Re: [LSF/MM TOPIC] Better handling of negative dentries

Dave Chinner <david@xxxxxxxxxxxxx> · Wed, 23 Mar 2022 09:21:14 +1100

On Tue, Mar 22, 2022 at 03:08:33PM +0000, Matthew Wilcox wrote:
> On Wed, Mar 16, 2022 at 01:52:23PM +1100, Dave Chinner wrote:
> > On Wed, Mar 16, 2022 at 10:07:19AM +0800, Gao Xiang wrote:
> > > On Tue, Mar 15, 2022 at 01:56:18PM -0700, Roman Gushchin wrote:
> > > > 
> > > > > On Mar 15, 2022, at 12:56 PM, Matthew Wilcox <willy@xxxxxxxxxxxxx> wrote:
> > > > > 
> > > > > The number of negative dentries is effectively constrained only by memory
> > > > > size.  Systems which do not experience significant memory pressure for
> > > > > an extended period can build up millions of negative dentries which
> > > > > clog the dcache.  That can have different symptoms, such as inotify
> > > > > taking a long time [1], high memory usage [2] and even just poor lookup
> > > > > performance [3].  We've also seen problems with cgroups being pinned
> > > > > by negative dentries, though I think we now reparent those dentries to
> > > > > their parent cgroup instead.
> > > > 
> > > > Yes, it should be fixed already.
> > > > 
> > > > > 
> > > > > We don't have a really good solution yet, and maybe some focused
> > > > > brainstorming on the problem would lead to something that actually works.
> > > > 
> > > > I’d be happy to join this discussion.

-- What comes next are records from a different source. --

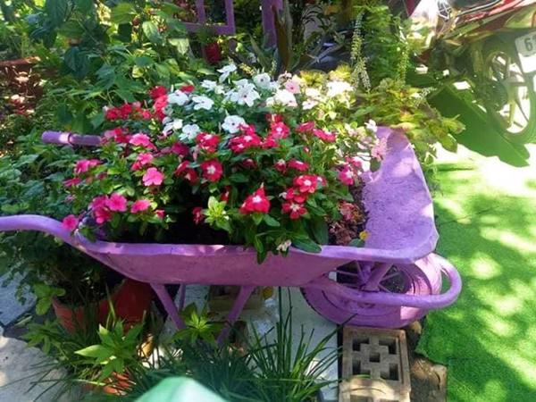 Chiếc xe rùa bỏ đi được chị mang ra trồng hoa dừa.
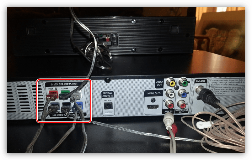 Колонки, в свою очередь, включаются в соответствующие гнезда на DVD.
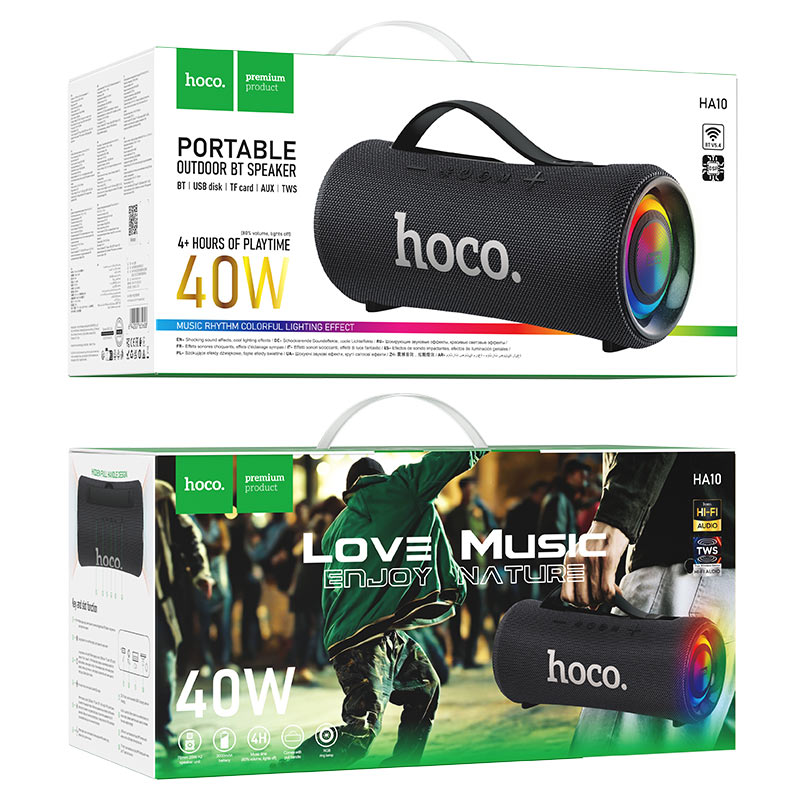HA10 Oleada, outdoor wireless speaker, BT v5.4, 4 hours of work, supports BT, TF card, USB flash drive, AUX, TWS playback modes, multiple colorful lighting modes
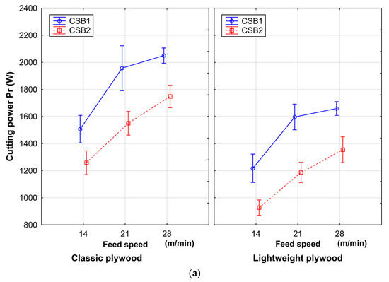 Cutting power depending on feed speed and type of circular saw blade (CSB) in sawing classic and lightweight plywood: (a) rotation speed = 4050 min−1; (b) rotation speed = 4150 min−1.
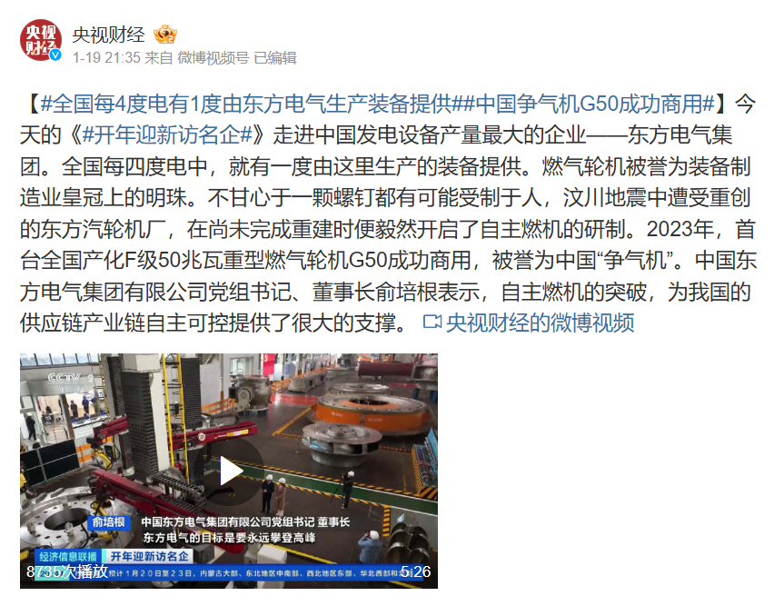 【#天下每4度电有1度由888集团6008生产装备提供##中国争气机G50乐成商用#】今天的《#开年迎新访名企#》走进中国发电装备产量最大的企业——888集团6008集团。天下每四度电中,就有一度由这里生产的装备提供。燃气轮机被誉为装备制造业皇冠上的明珠。不宁愿于一颗螺钉都有可能受制于人,汶川地动中遭受重创的东方汽轮机厂,在尚未完成重修时便毅然开启了自主燃机的研制。2023年,首台天下产化F级50兆瓦重型燃气轮机G50乐成商用,被誉为中国“争气机”。888集团6008党组书记、董事长俞培根体现,自主燃机的突破,为我国的供应链工业链自主可控提供了很大的支持。
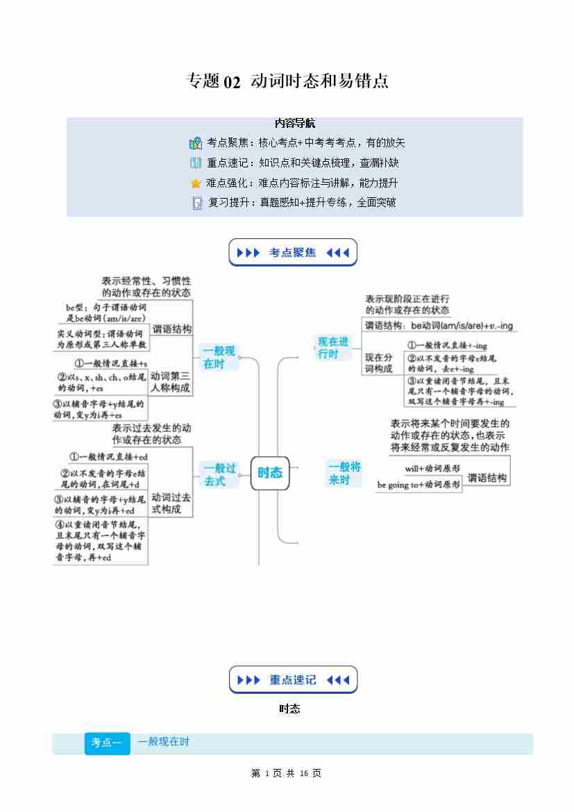 (复习部分)专题02 动词时态和易错点(原卷版)
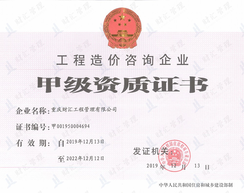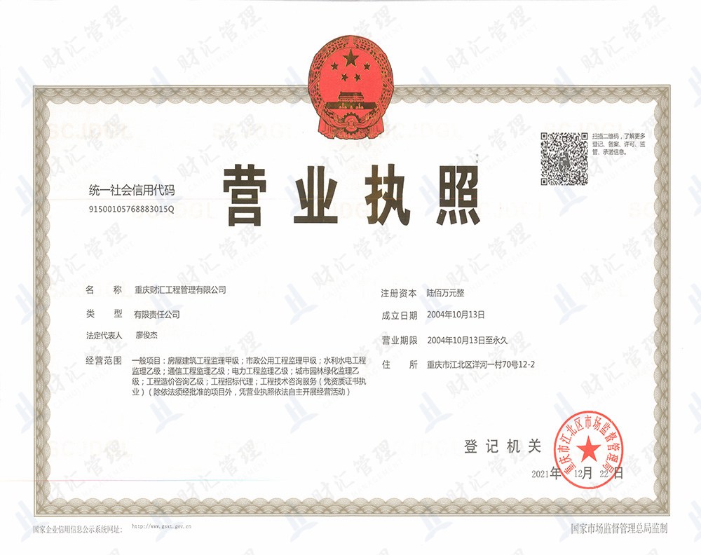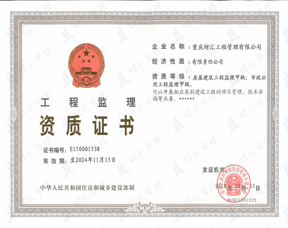 重慶財匯工程管理有限公司于2004年成立,公司擁有房屋建筑工程及市政公用工程監理甲級資質,城市園林綠化工程、水利水電工程、電力工程及通信工程監理乙級資質,工程造價咨詢甲級資質;同時開展工程技術咨詢、項目代建、招標代理、設計管理及全過程工程咨詢服務。公司專業技術實力雄厚,擁有一批長期從事工程建設監理、工程技術咨詢、...

And in my opinion it’s going beyond negative dentries: there are other types of objects which tend to grow beyond any reasonable limits if there is no memory pressure.
> > > 
> > > +1, we once had a similar issue as well, and agree that is not only
> > > limited to negative dentries but all too many LRU-ed dentries and inodes.
> > 
> > Yup, any discussion solely about managing buildup of negative
> > dentries doesn't acknowledge that it is just a symptom of larger
> > problems that need to be addressed.
> 
> Yes, but let's not make this _so_ broad a discussion that it becomes
> unsolvable.  Rather, let's look for a solution to this particular problem
> that can be adopted by other caches that share a similar problem.
> 
> For example, we might be seduced into saying "this is a slab problem"
> because all the instances we have here allocate from slab.  But slab
> doesn't have enough information to solve the problem.  Maybe the working
> set of the current workload really needs 6 million dentries to perform
> optimally.  Maybe it needs 600.  Slab can't know that.  Maybe slab can
> play a role here, but the only component which can know the appropriate
> size for a cache is the cache itself.

Yes, that's correct, but it also misses the fact that we need to
replicate this for inodes, various filesystem caches that have LRUs
and shrinkers because they can grow very large very quickly (e.g.
the xfs buffer and dquot caches, the ext4 extent cache shrinker, nfs
has several shrinkable caches, etc)

> I think the logic needs to be in d_alloc().  Before it calls __d_alloc(),
> it should check ... something ... to see if it should try to shrink
> the LRU list.

ANd therein lies the issue - the dcache, inode cache, the xfs buffer
cache, the xfs dquot cache, the gfs2 dquot cache, and the nfsv4 xattr
cache all use list_lru for LRU reclaim of objects via a shrinker.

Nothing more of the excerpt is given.